The NRI which, combines two nutritional indicators (albumin and weight), was first described by Buzby et al (1988) , to score the severity of post-operative complications. By extension, it has been used as an index of malnutrition in hospitalized adults by Naber et al (1997).  Thereafter, Bouillanne et al (2005)  replaced the usual weight in the NRI formula by the ideal weight according to the Lorentz formula, creating the GNRI as a predictor of nutrition-related risk of mortality. In our study, we examined the predictive value of the GNRI for mortality by excluding the patients on HD less than six months (despite status) from the final analysis.
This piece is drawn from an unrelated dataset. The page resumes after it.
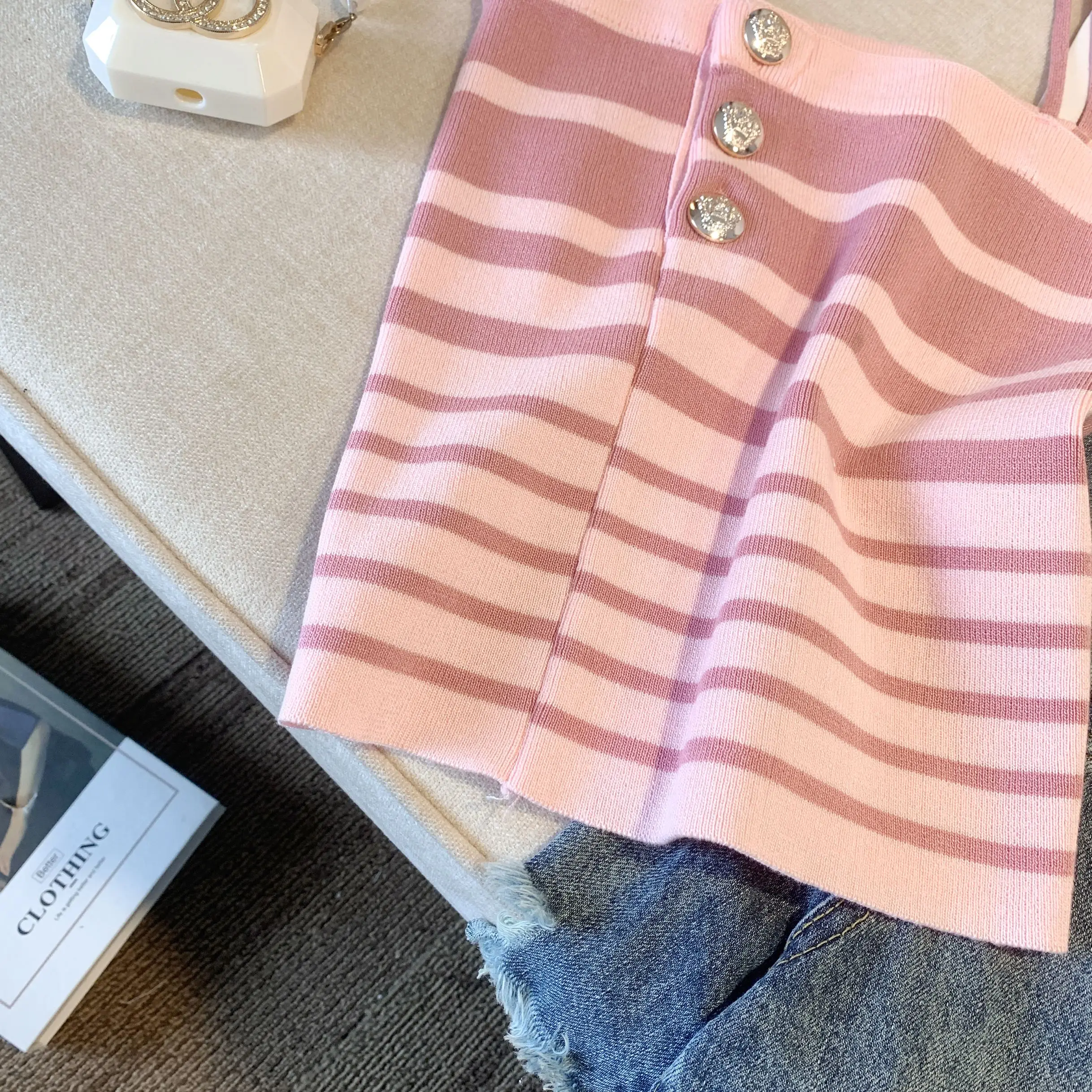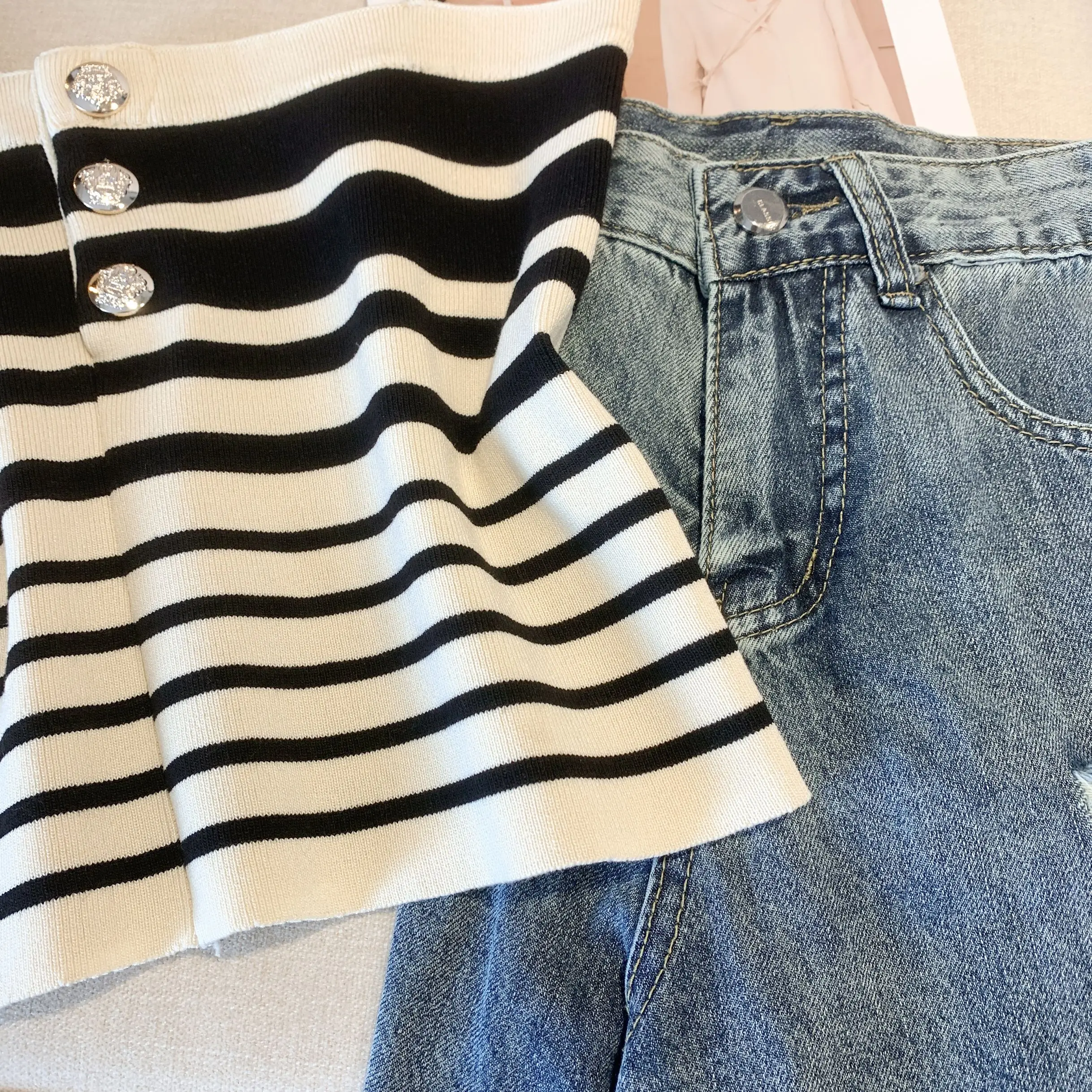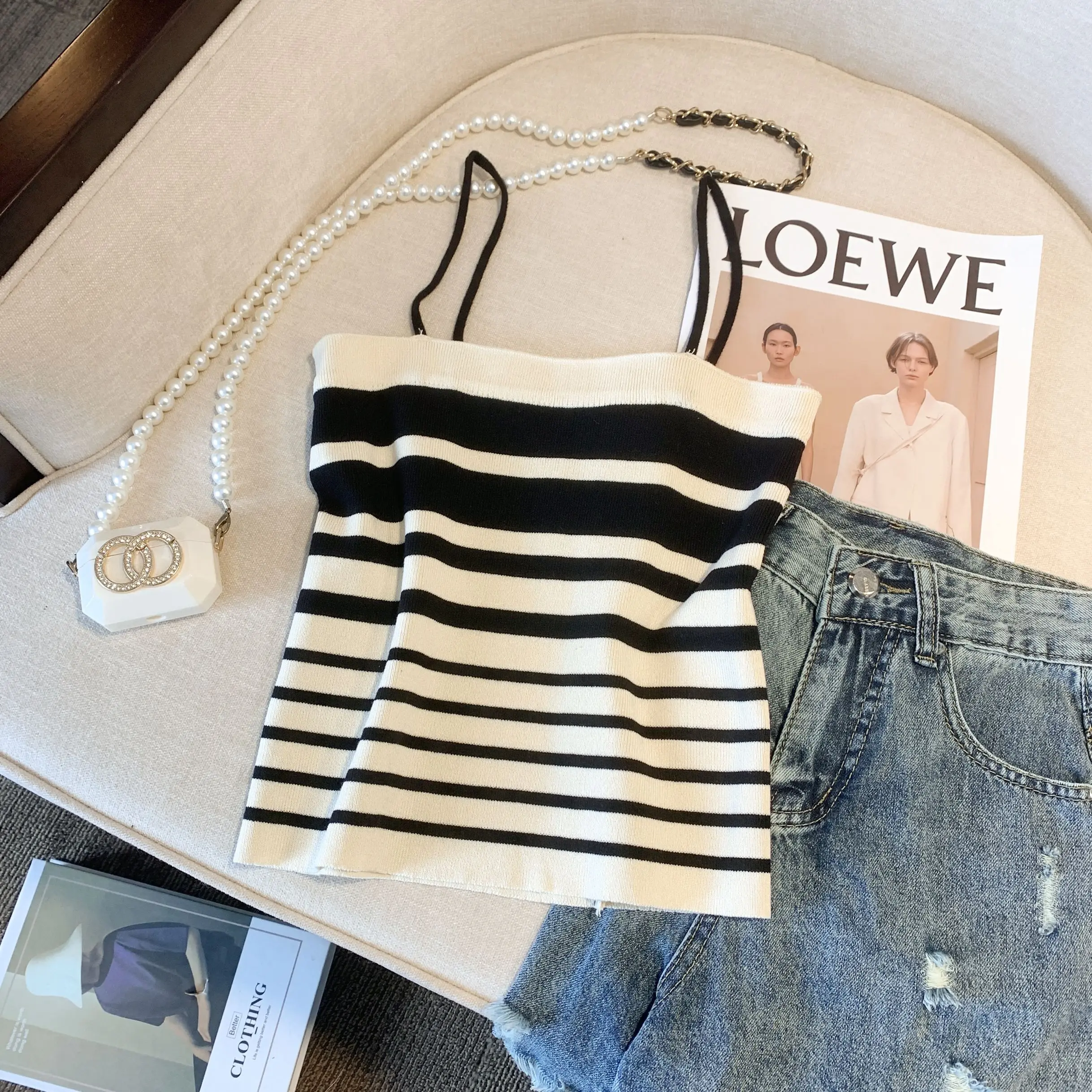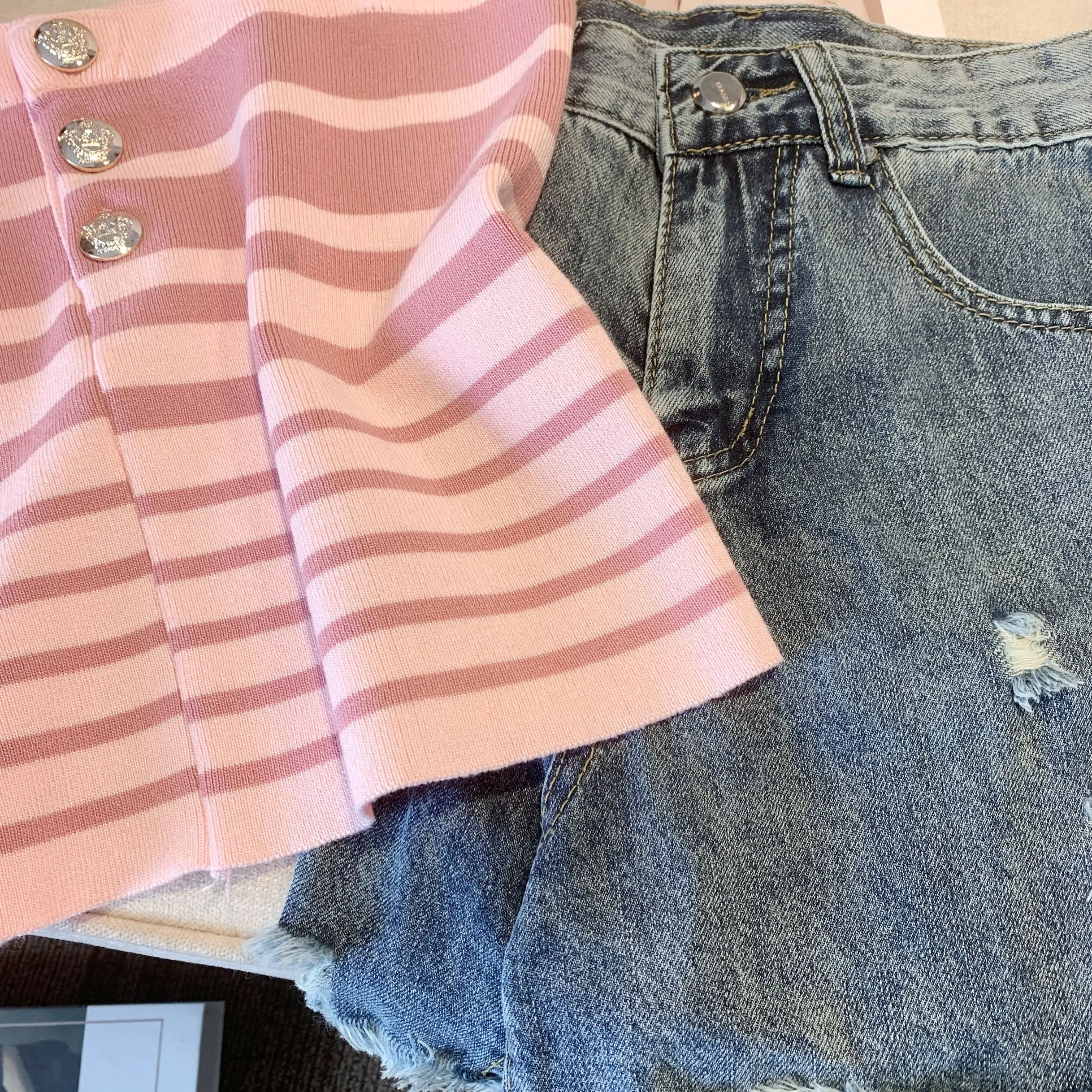Retro Women Black White Striped Knit Crochet Top Summer Sexy Pink Patchwork Backless Single Breasted Short Spaghetti Strap Tops
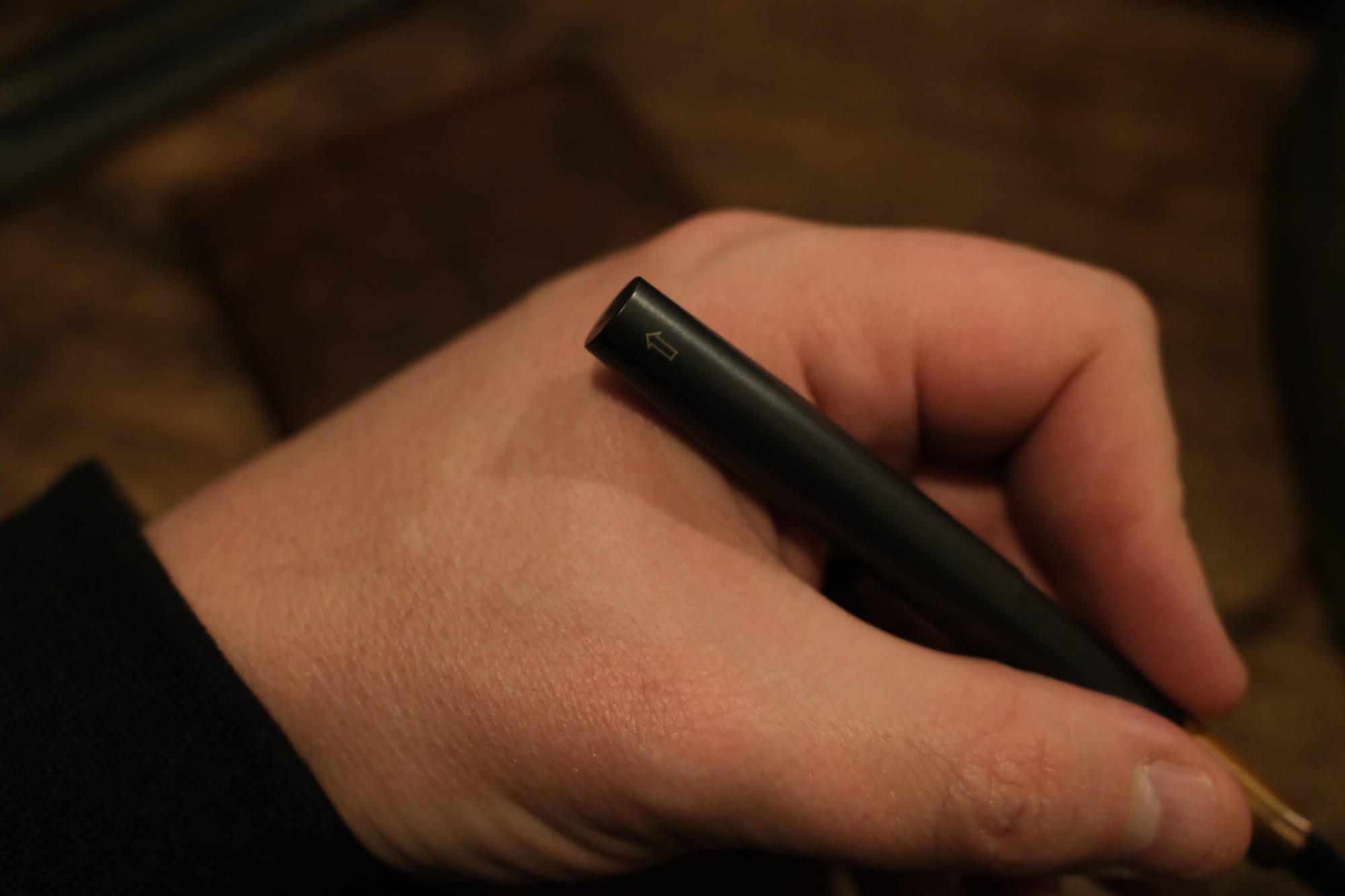 Now the party trick. Zirconium rings like a bell when you tap it. This stonewash satin finish is a deep charcoal grey-black and feels soft and smooth in your hand, especially when warmed in your pocket. It is tough and rugged, perfect for a pocket pen.

There were limited published data about the influence of the GNRI on mortality of HD patients. Our study is similar to the study by Kobayashi et al,  except for our shorter follow-up period (60 versus 18 months). Weight and serum albumin values as two components of the GNRI and frequently fluctuate through time, especially during acute inter-current illnesses; accordingly, we prefer to examine the prognostic significance of the GNRI score on short-term survival. Kobayashi et al showed that the GNRI ≤90 was a significant predictor for mortality after adjustment for the parameters of age, gender, HD vintage and presence of diabetes.
Our cut-off point and the average score for the GNRI were higher than the previous reports, ,,,, but we found a strong association of GNRI <100 and mortality in our study population. We hypothesized that the difference with the other studies resulted from our arbitrary selection of a BMI of 22 for the calculations of the GNRI.
In our study, the high ferritin level (≥500 μ g/L) was associated with a high risk of mortality. This finding suggests the importance of the inflammatory millieu due to CKD as a risk factor for mortality besides the nutritional status.
Surprisingly, the patients with GNRI <100 were somewhat younger than the individuals with GNRI ≥100. Nevertheless, old age (≥65 years) was a strong mortality predictive factor in our study; our data showed that advanced age was a more powerful factor in the prediction of the outcome in our patients than the GNRI.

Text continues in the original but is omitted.